Although Surdeanu has been doing some fascinating science based on his own serendipitous connections, he is now actively promoting Data7 as a better way to connect with like-minded researchers and catalyze otherwise unlikely collaborations.
One of Surdeanu's own unlikely collaborations started in 2013 when Surdeanu happened to hear a radio interview with Melanie Hingle, assistant professor of nutritional sciences who studies ways to predict and avoid obesity and Type 2 diabetes, particularly among children and families. Hingle was being interviewed about the work she has done with data visualization expert Stephen Kobourov, a professor of computer science and now Data7's associate director, and one of Hingle's undergraduate students. The team used tweets to understand whether social media users' posts about food could predict their risk of developing diabetes.
"It just clicked," Surdeanu said as he recalled hearing the interview. "I thought, 'We could actually predict all sorts of health outcomes if we had this kind of data collected at scale.'"
Soon after, Surdeanu contacted Hingle and wrote a computer program, called a bot, that searched Twitter for #breakfast, #dinner, #lunch and other food-related hashtags to find tweets about food. The bot's been running for five years and counting, and has collected 25 million tweets.
"Using machine learning, we train a classifier – a computer model that learns automatically – to sort through the data set, and then we predict the risk level for obesity or diabetes for an individual or for the population of a geographic area," Surdeanu said.
The model's results are then validated by asking individuals to complete risk surveys and by comparing them with existing information from the Centers for Disease Control and Prevention.
For Hingle, the collaboration has been particularly rewarding.
"There are 85 million people in the U.S. alone who are prediabetic and don't know it," she said. "The idea that we can use computer science techniques and social media to make accurate predictions about disease risk is very exciting."
Since starting its work together, the team has expanded to include Stephen Rains, professor of communication.

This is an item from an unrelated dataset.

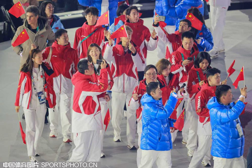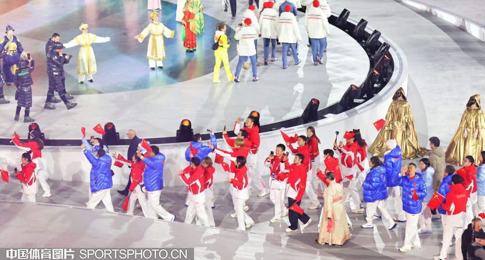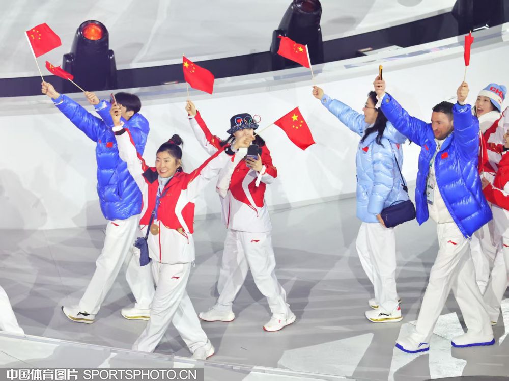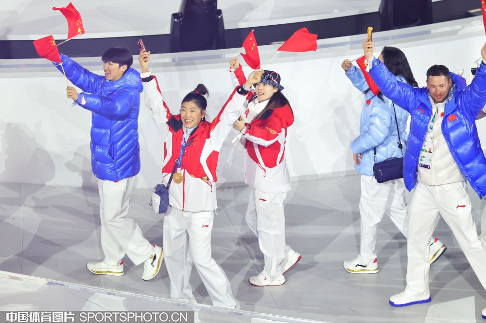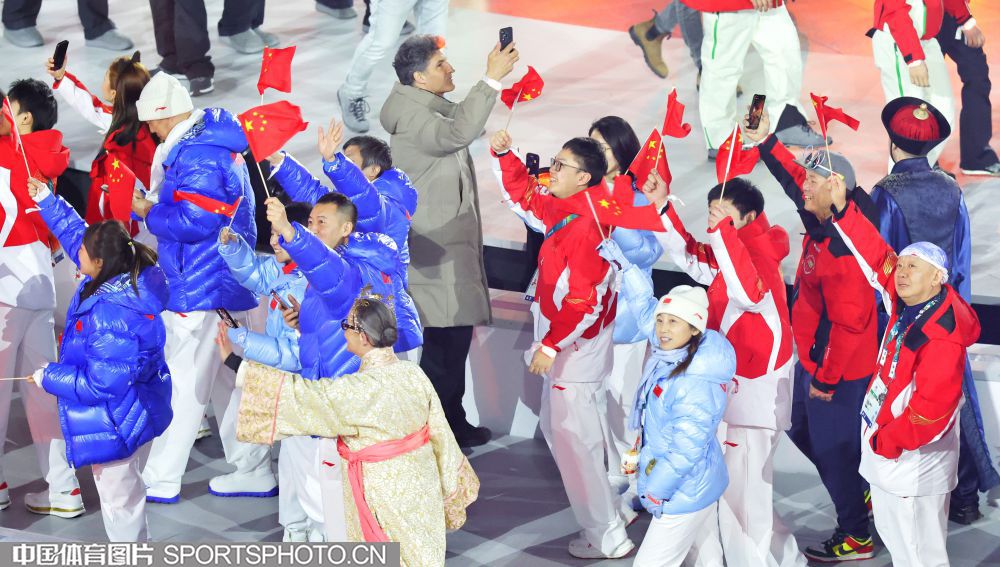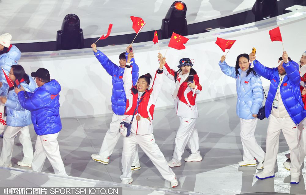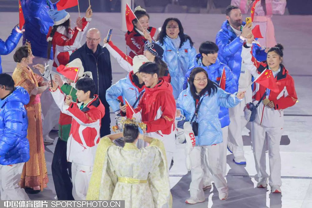 图组名称:第25届冬季奥运会闭幕 中国体育代表团入场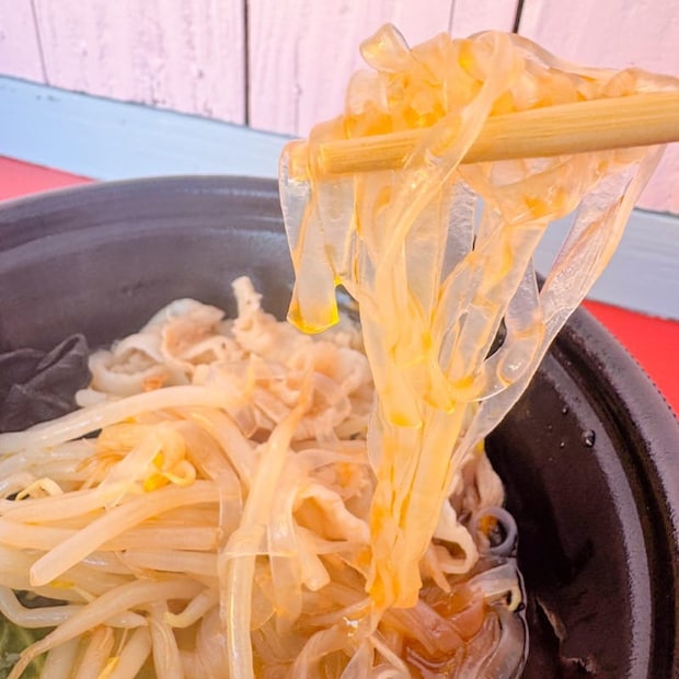 春雨は、つるつるもちもちの中太麺。旨味をたっぷりまとって、噛むたびに刺激とコクが広がり、やみつきになる美味しさです♪

Now, the group is trying to find ways to deploy its machine-learning tool with messaging that will motivate people to make better food choices to reduce their disease risk, and do so without raising privacy concerns.
Make the connection
Data7's mission to encourage interdisciplinary connections and foster data literacy extends throughout the UA community, Merchant said, adding that affiliates in all departments with research interests in machine learning, natural language processing, image analysis, large-scale visualization or literacy are encouraged to join as capabilities and partnerships are developed.